▶ Requirement: Copy the data precisely, character for character, and leave out every picture.

▶ Raw data:
★ ★ ★

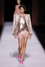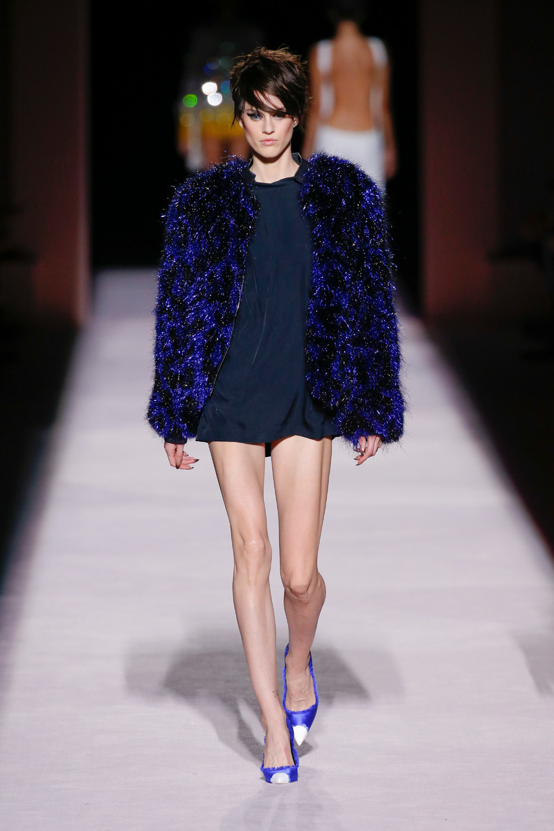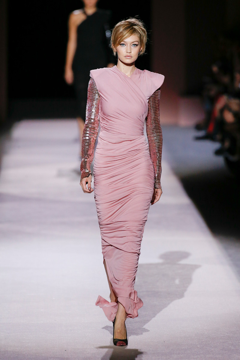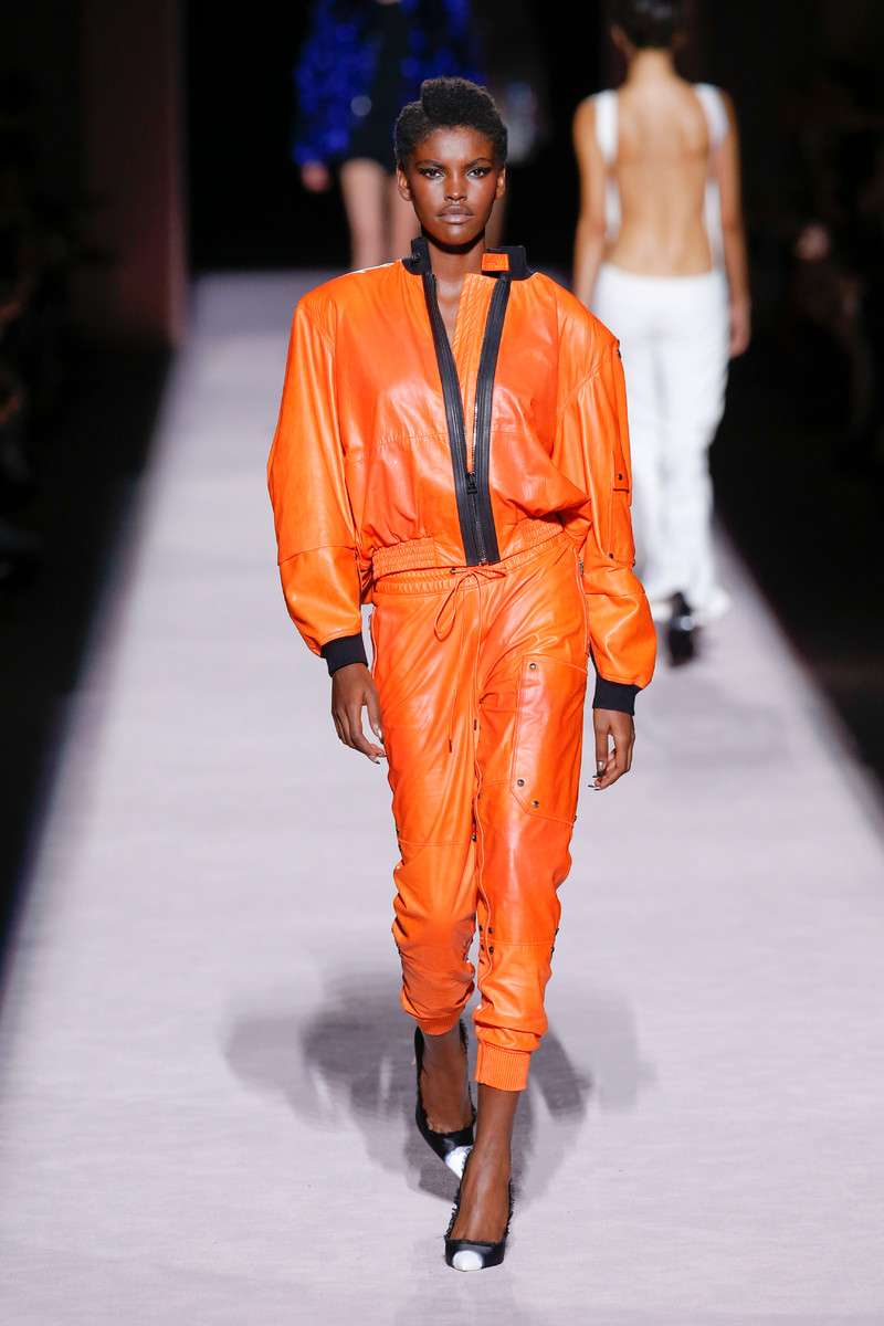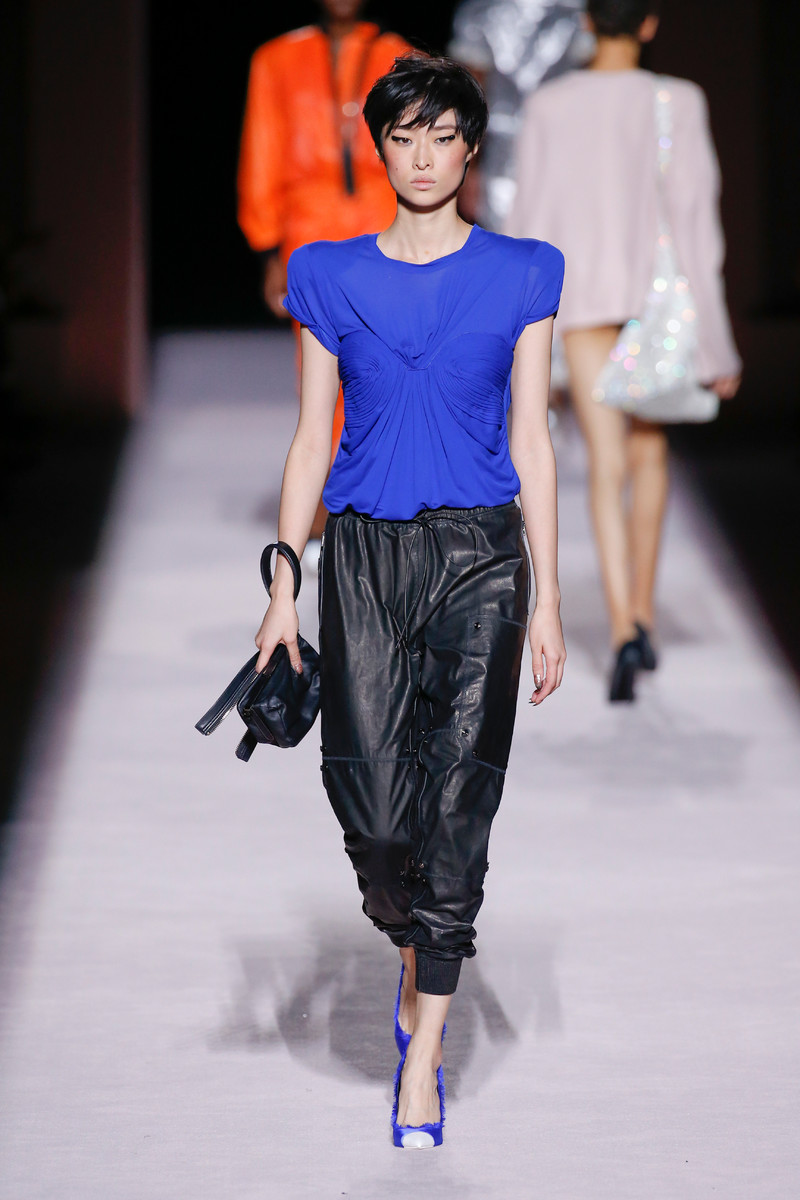 The spring summer collection Tom Ford presented was a classic one: the calculated decadence we know so well from Ford, rendered in a split between athletic-derived sportswear and power-woman goddess gowns. Crossover of athletica into the primary daywear vernacular aside, Ford loves tailored polish. He opened with a bold-shouldered pale pink satin tuxedo jacket over a liquid metallic top and short-shorts, rolled at the hem. Unlike the old Gucci days when he worked the daylights out of a single look, here he offered options, some approachably chic, others challenging to all but the most secure of attitude and body image: classic pantsuits, dressed-up dark denim, short leather trenches and racy jumpsuits. One, a long, backless drink of water in white crepe, rang the bell of a long-ago Gucci dress with a cutout abdomen. An infusion of wit came in an only Tom take on the twinset: slouchy chain mail shoulder bag and matching briefs worn with a louche pale pink top. As for the eveningwear, strong shoulders and sequined sleeves transported classic draping from ethereal to aggressive, as glam as it gets.
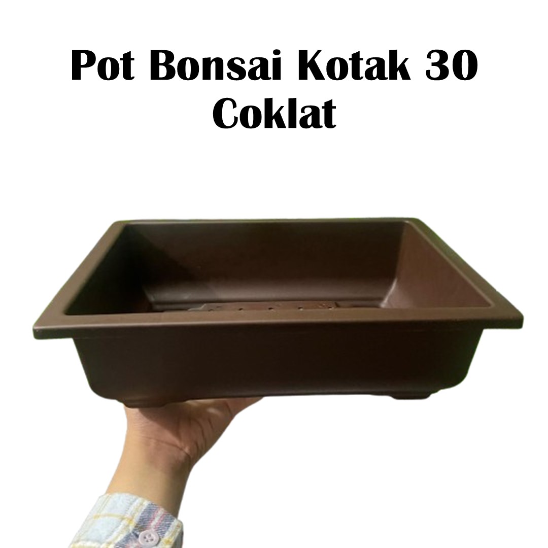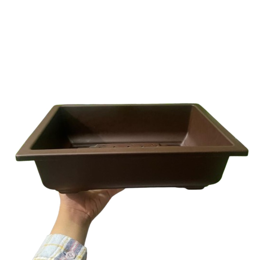 Lengkapi koleksi bonsai Anda dengan pot kotak berkualitas tinggi. Didesain khusus dengan estetika klasik yang sangat cocok untuk berbagai jenis aliran bonsai (Formal, Informal, maupun Cascade). Warna coklatnya memberikan kesan natural dan menyatu sempurna dengan batang pohon serta media tanam.
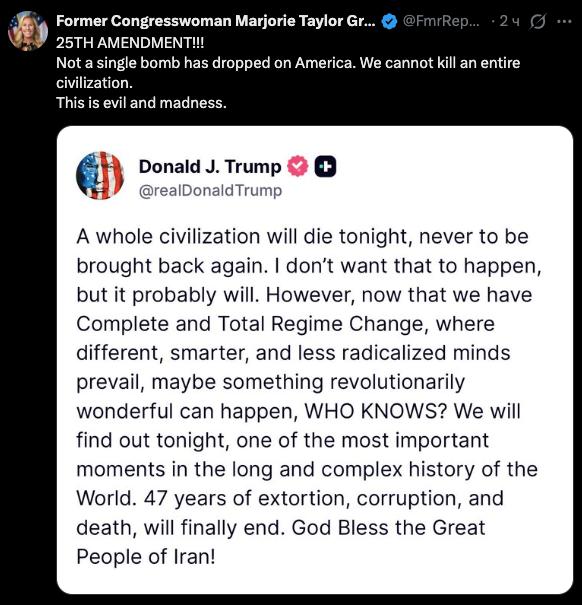 "Психічно ненормальний". Конгресвумен Марджорі Грін, одна з найбільших прихильниць Трампа, тепер вимагає його усунення та застосування 25-ї поправки до Конституції

★ ★ ★

▶ Reply to the task:
 The spring summer collection Tom Ford presented was a classic one: the calculated decadence we know so well from Ford, rendered in a split between athletic-derived sportswear and power-woman goddess gowns. Crossover of athletica into the primary daywear vernacular aside, Ford loves tailored polish. He opened with a bold-shouldered pale pink satin tuxedo jacket over a liquid metallic top and short-shorts, rolled at the hem. Unlike the old Gucci days when he worked the daylights out of a single look, here he offered options, some approachably chic, others challenging to all but the most secure of attitude and body image: classic pantsuits, dressed-up dark denim, short leather trenches and racy jumpsuits. One, a long, backless drink of water in white crepe, rang the bell of a long-ago Gucci dress with a cutout abdomen. An infusion of wit came in an only Tom take on the twinset: slouchy chain mail shoulder bag and matching briefs worn with a louche pale pink top. As for the eveningwear, strong shoulders and sequined sleeves transported classic draping from ethereal to aggressive, as glam as it gets.
 Lengkapi koleksi bonsai Anda dengan pot kotak berkualitas tinggi. Didesain khusus dengan estetika klasik yang sangat cocok untuk berbagai jenis aliran bonsai (Formal, Informal, maupun Cascade). Warna coklatnya memberikan kesan natural dan menyatu sempurna dengan batang pohon serta media tanam.
 "Психічно ненормальний". Конгресвумен Марджорі Грін, одна з найбільших прихильниць Трампа, тепер вимагає його усунення та застосування 25-ї поправки до Конституції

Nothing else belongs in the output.